ANTONIO TROISE
Potremmo anche vedere il bicchiere mezzo pieno e scorgere, nel mini-rimbalzo di dicembre, una nota positiva sul fronte dei prezzi. Ma, al di là dei facili ottimismi, il 2016 è stato per l’Italia l’anno nero della deflazione. Non accadeva da almeno mezzo secolo. Certo, vivere con i prezzi che si riducono invece di aumentare, può anche avere i suoi effetti positivi. Ci dà l’illusione di essere più ricchi dal momento che, ogni giorno che passa, i soldi che abbiamo in tasca valgono un po’ di più perché con la stessa cifra possiamo acquistare più cose. Peccato, però, che nessuno se ne accorga. E non solo perché i ribassi, statistiche alla mano, sembrano quasi impercettibili e non toccano i cosiddetti beni essenziali.
L’altra faccia della deflazione
No, la verità è che l’altra faccia della deflazione ci racconta un Paese che marcia all’indietro come un gambero. Dove la gente continua a perdere il lavoro o si è impoverita dopo otto anni ininterrotti di recessione. Dove i consumi restano fermi al palo, insensibili perfino allo shopping natalizio o ai saldi di inizio d’anno.

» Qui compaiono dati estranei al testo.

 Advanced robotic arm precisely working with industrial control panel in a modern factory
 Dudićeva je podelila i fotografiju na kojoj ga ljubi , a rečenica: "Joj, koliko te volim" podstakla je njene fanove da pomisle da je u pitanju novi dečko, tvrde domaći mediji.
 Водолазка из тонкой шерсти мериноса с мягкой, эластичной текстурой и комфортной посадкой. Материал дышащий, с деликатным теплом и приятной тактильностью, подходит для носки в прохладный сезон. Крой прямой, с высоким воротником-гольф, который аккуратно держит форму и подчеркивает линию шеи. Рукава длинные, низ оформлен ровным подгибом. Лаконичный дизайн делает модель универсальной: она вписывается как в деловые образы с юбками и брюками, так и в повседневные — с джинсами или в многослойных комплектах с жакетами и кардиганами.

Se si ragiona ancora, allora, si scopre così che l’Italia è nel pieno di una spirale perversa, fatta di prezzi che si riducono perché nessuno spende e di un’economia costretta a rallentare i suoi ritmi fino a fermarsi quasi del tutto. E, se le imprese non producono, sono costrette a ridimensionarsi e tagliare posti di lavoro. Con la conseguenza di avere più persone a spasso e meno soldi in giro per rianimare i centri commerciali e i negozi.
Un incubo. Non a caso, negli ultimi mesi, la lotta alla deflazione è stata al centro della strategia della Banca Centrale Europea che ha letteralmente inondato le banche di liquidità, nella speranza che potessero rimettere in moto il sistema economico. Qualche effetto, per la verità, c’è stato, dal momento che in Europa i prezzi sono tornati a salire. L’obiettivo di un’inflazione al 2% non è ancora stato raggiunto. Ma si incominciano a intravedere i primi segnali positivi.

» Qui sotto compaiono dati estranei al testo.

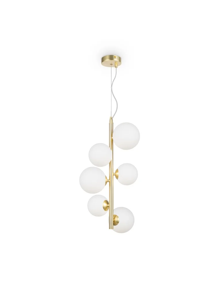 Oprawa metalowa w 4 kolorach: czarny matowy, czarny, chrom, złoty. Klosze – dmuchane szkło. Kolory – dymny, bursztynowy, koniak, matowa biel i czerń. Wystrój z imitowaną strukturą molekularną. Wysokość lamp wiszących jest regulowana za pomocą linki. Żarówka z podstawą G9.
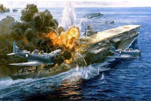 飞龙号航母所有舰载机倾巢而出,直奔美国航母战斗群而去。经过一番亡命轰炸后,美国约克城号航母因为本有内伤,在空袭中被击沉,美军也损失一艘航母。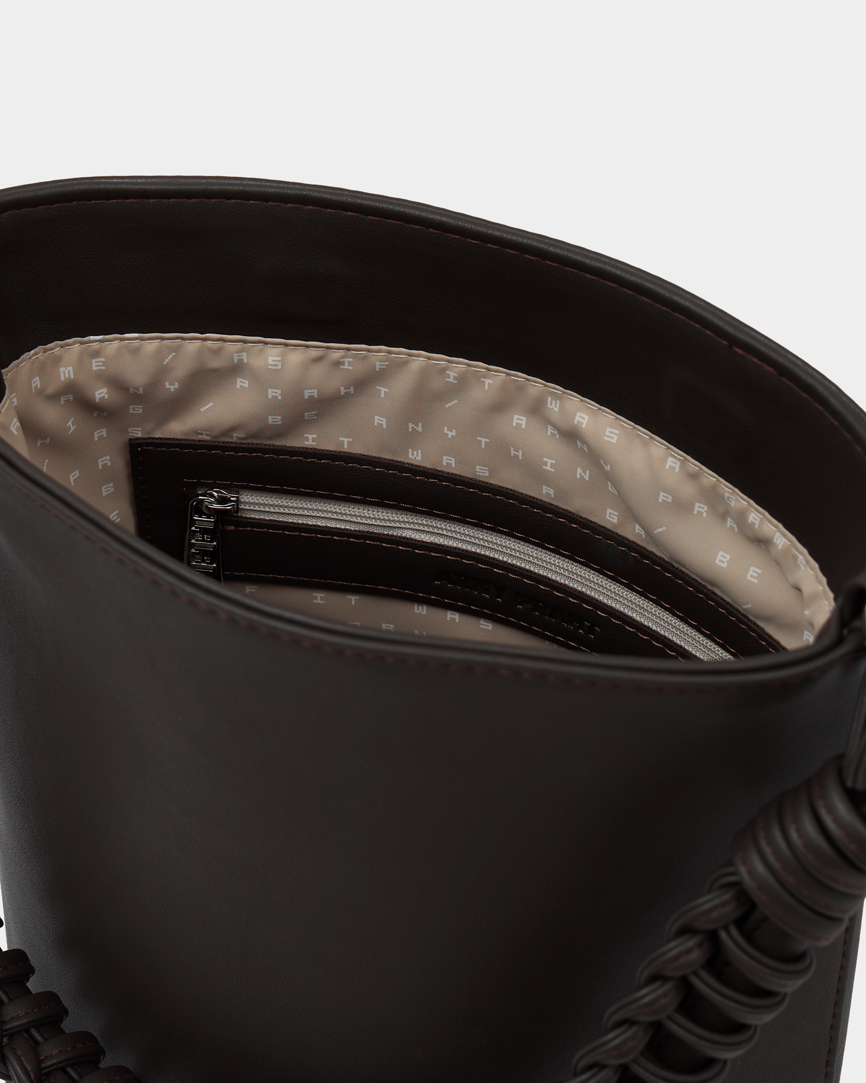 Внутри: Одно отделение, карман на молнии, плоский карман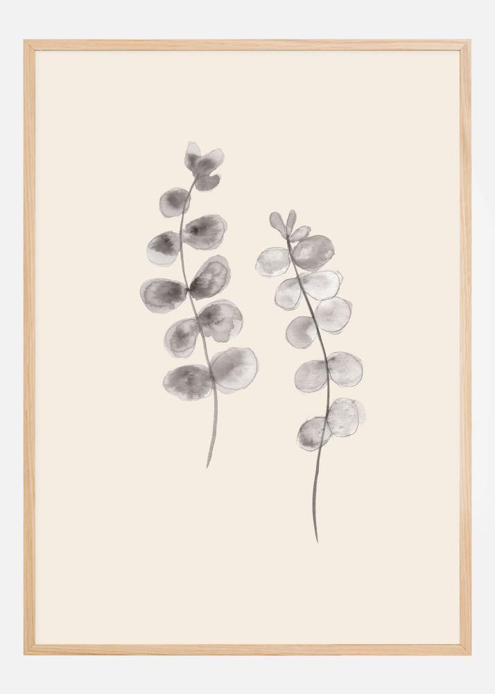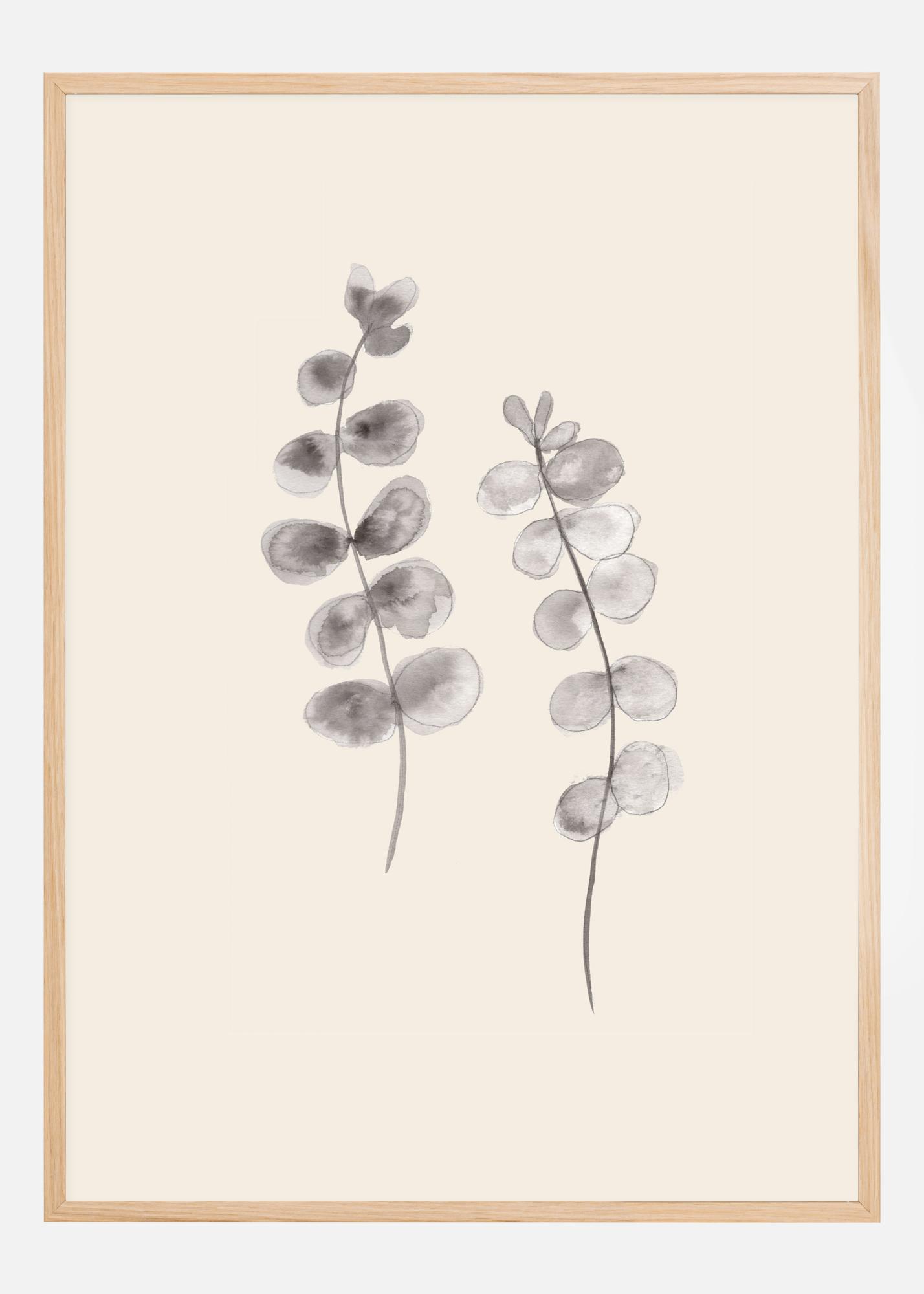 Botaniczny plakat z dwiema szarymi gałązkami z liśćmi eukaliptusa. Na środku białego tła znajdują się dwie szaro malowane gałęzie z liśćmi eukaliptusa. Wyginają się razem, tworząc miękką krzywiznę, która prowadzi wzrok w górę przez plakat. Powieś ten zielony taniec w swoim domu, aby uzyskać kojące uczucie.

L’Europa si rimette in marcia. L’Italia no
Vanno meno bene, invece, le cose in Italia, dove le misure per favorire la crescita non hanno ancora sortito gli effetti sperati. Come mai? La spiegazione è semplice: i governi che si sono alternati dal 2008 ad oggi non hanno mai avuto a disposizione le risorse necessarie per fare l’unica cosa giusta in grado di fermare la spirale della deflazione: tagliare le tasse. Per risalire la china e rilanciare i consumi, occorrerebbe un intervento choc, fra i 30 e i 40 miliardi all’anno, da dirottare tutti sullo sviluppo e sul rilancio dei consumi. Solo così potremmo finalmente liberaci dal virus della deflazione e cominciare a sentirci davvero un po’ più ricchi nella realtà, senza essere costretti a cullarsi nel fragile miraggio dei prezzi più bassi.